What is expected ▸ Take the whole listing and reproduce it exactly, pictures excepted.

Source material ▸
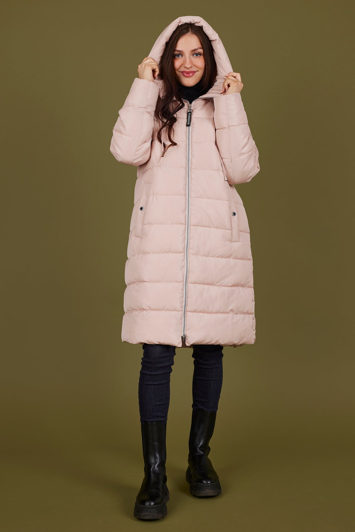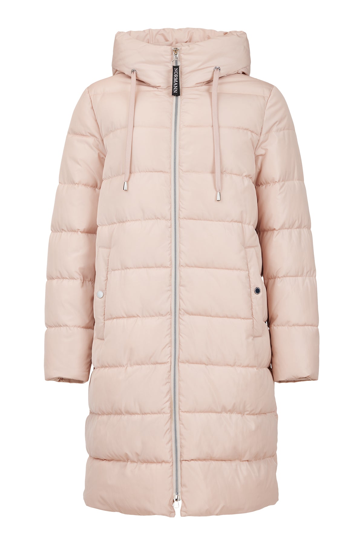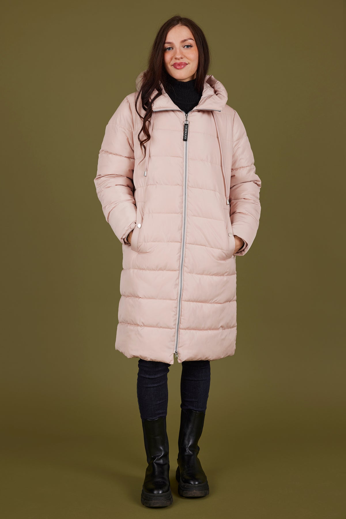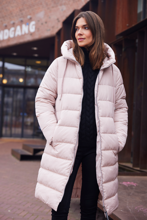 Normann - Amiya síð úlpa með technical down fyllingu sem er eins konar dún-líki, gervidúnn sem hefur sömu eiginleika og alvöru dúnn. Vatnsfráhrindandi efni, gott snið, rennilás í báðar áttir að framan, góðir hliðarvasar með smellu, hár kragi, áföst hetta með böndum til að draga saman. Góð fyrir veturinn.
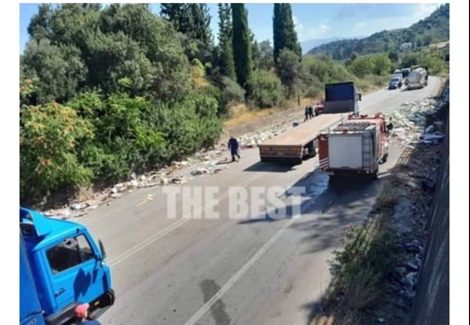 Πατρών -Πύργου: Έκλεισε η εθνική από… ξίδια που έπεσαν από νταλίκα
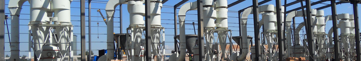 大塊物料經顎式破碎機破碎到所需粒度后,由提升機送至儲料斗,再由皮帶機將物料均勻定量連續地送入6臺MTW175歐版磨的主機磨室內進行研磨。粉磨后的物料被風機氣流送入選粉機進行分級,在選粉機葉輪的作用下,不符合細度要求的物料落入磨室內重新碾磨,合格的物料則經空氣斜槽進入旋風集粉器內,進行分離收集,經排料裝置排出即為成品粉體。
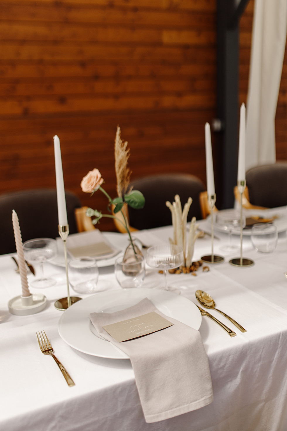 Tiskoviny, navržené grafičkou Anetkou, skutečně září svou jednoduchostí. Zadání bylo jasné: černá, tmavě hnědá, svěží hořčicová a krémová, s několika prvky zvířat. Anetka odvedla naprosto skvělou práci! Jak můžete vidět, vše k sobě dokonale ladí a nic neruší. Její práci miluji, protože pokaždé přináší něco mimořádného! Chtěla bych zdůraznit jednoduchost těchto tiskovin. Dbala jsem na to, aby všechny prvky mezi sebou harmonicky souzněly, což se nám podařilo propojením s malým pampasem, který najdete v květinové výzdobě. Tiskoviny samozřejmě nechyběly ani na stolní dekoraci.
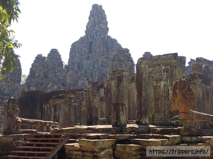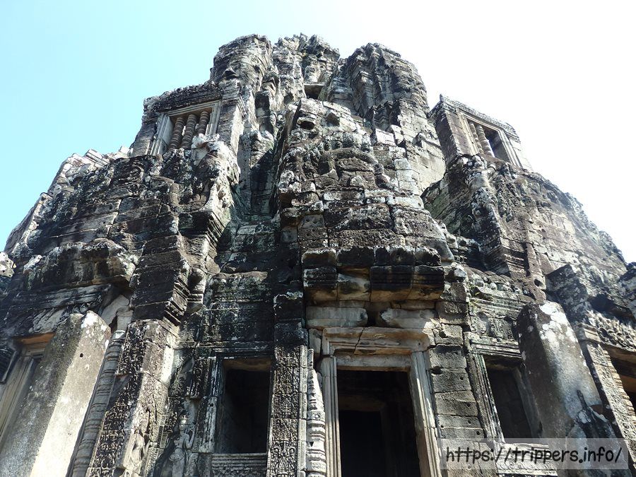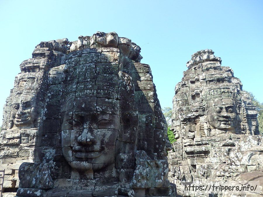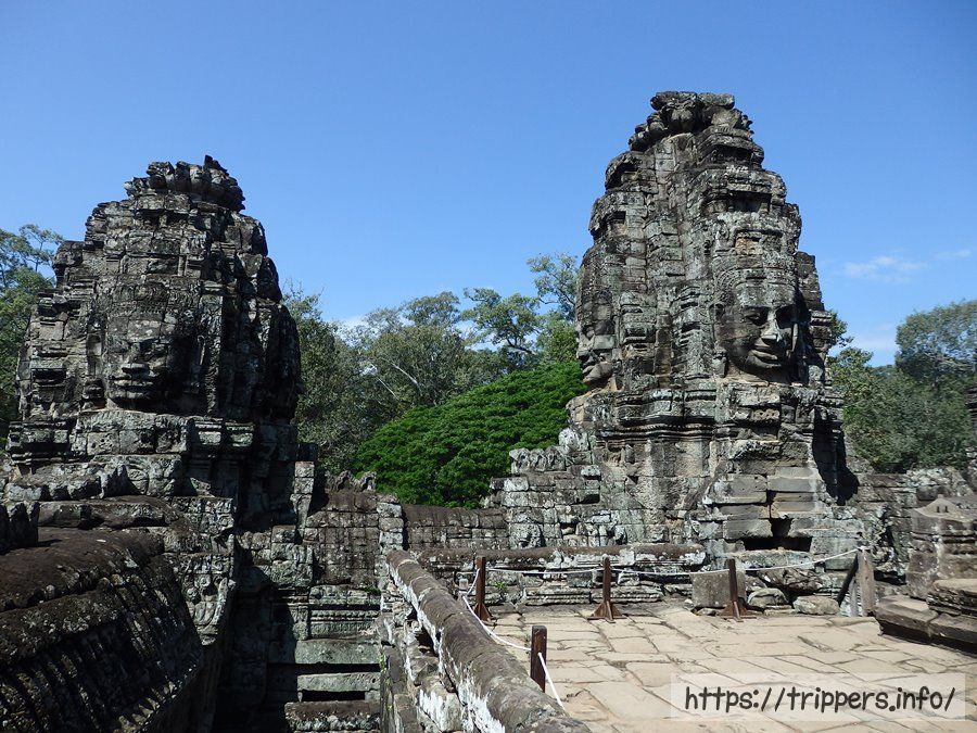ここからは観世音菩薩の四面塔が良く見えます。どこか微笑みのある顔がバイヨン寺院の特徴です。
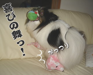 あ、100点は一応いただいておきますね(笑)ジャンプの足の揃い方といい、垂直跳びの姿勢といい・・・( *´艸`*) むぷぷ。妙に美しいですよね!私も100点あげとこう! そうなんですよ。日頃は近寄せるとビビるアロハちゃんを、何の躊躇もなく抱き込んで舞い踊っておりました!かなり嬉しかったようです~(*^m^*)

Result of this exercise ▸
 Normann - Amiya síð úlpa með technical down fyllingu sem er eins konar dún-líki, gervidúnn sem hefur sömu eiginleika og alvöru dúnn. Vatnsfráhrindandi efni, gott snið, rennilás í báðar áttir að framan, góðir hliðarvasar með smellu, hár kragi, áföst hetta með böndum til að draga saman. Góð fyrir veturinn.
 Πατρών -Πύργου: Έκλεισε η εθνική από… ξίδια που έπεσαν από νταλίκα
 大塊物料經顎式破碎機破碎到所需粒度后,由提升機送至儲料斗,再由皮帶機將物料均勻定量連續地送入6臺MTW175歐版磨的主機磨室內進行研磨。粉磨后的物料被風機氣流送入選粉機進行分級,在選粉機葉輪的作用下,不符合細度要求的物料落入磨室內重新碾磨,合格的物料則經空氣斜槽進入旋風集粉器內,進行分離收集,經排料裝置排出即為成品粉體。
 Tiskoviny, navržené grafičkou Anetkou, skutečně září svou jednoduchostí. Zadání bylo jasné: černá, tmavě hnědá, svěží hořčicová a krémová, s několika prvky zvířat. Anetka odvedla naprosto skvělou práci! Jak můžete vidět, vše k sobě dokonale ladí a nic neruší. Její práci miluji, protože pokaždé přináší něco mimořádného! Chtěla bych zdůraznit jednoduchost těchto tiskovin. Dbala jsem na to, aby všechny prvky mezi sebou harmonicky souzněly, což se nám podařilo propojením s malým pampasem, který najdete v květinové výzdobě. Tiskoviny samozřejmě nechyběly ani na stolní dekoraci.
ここからは観世音菩薩の四面塔が良く見えます。どこか微笑みのある顔がバイヨン寺院の特徴です。
 あ、100点は一応いただいておきますね(笑)ジャンプの足の揃い方といい、垂直跳びの姿勢といい・・・( *´艸`*) むぷぷ。妙に美しいですよね!私も100点あげとこう! そうなんですよ。日頃は近寄せるとビビるアロハちゃんを、何の躊躇もなく抱き込んで舞い踊っておりました!かなり嬉しかったようです~(*^m^*)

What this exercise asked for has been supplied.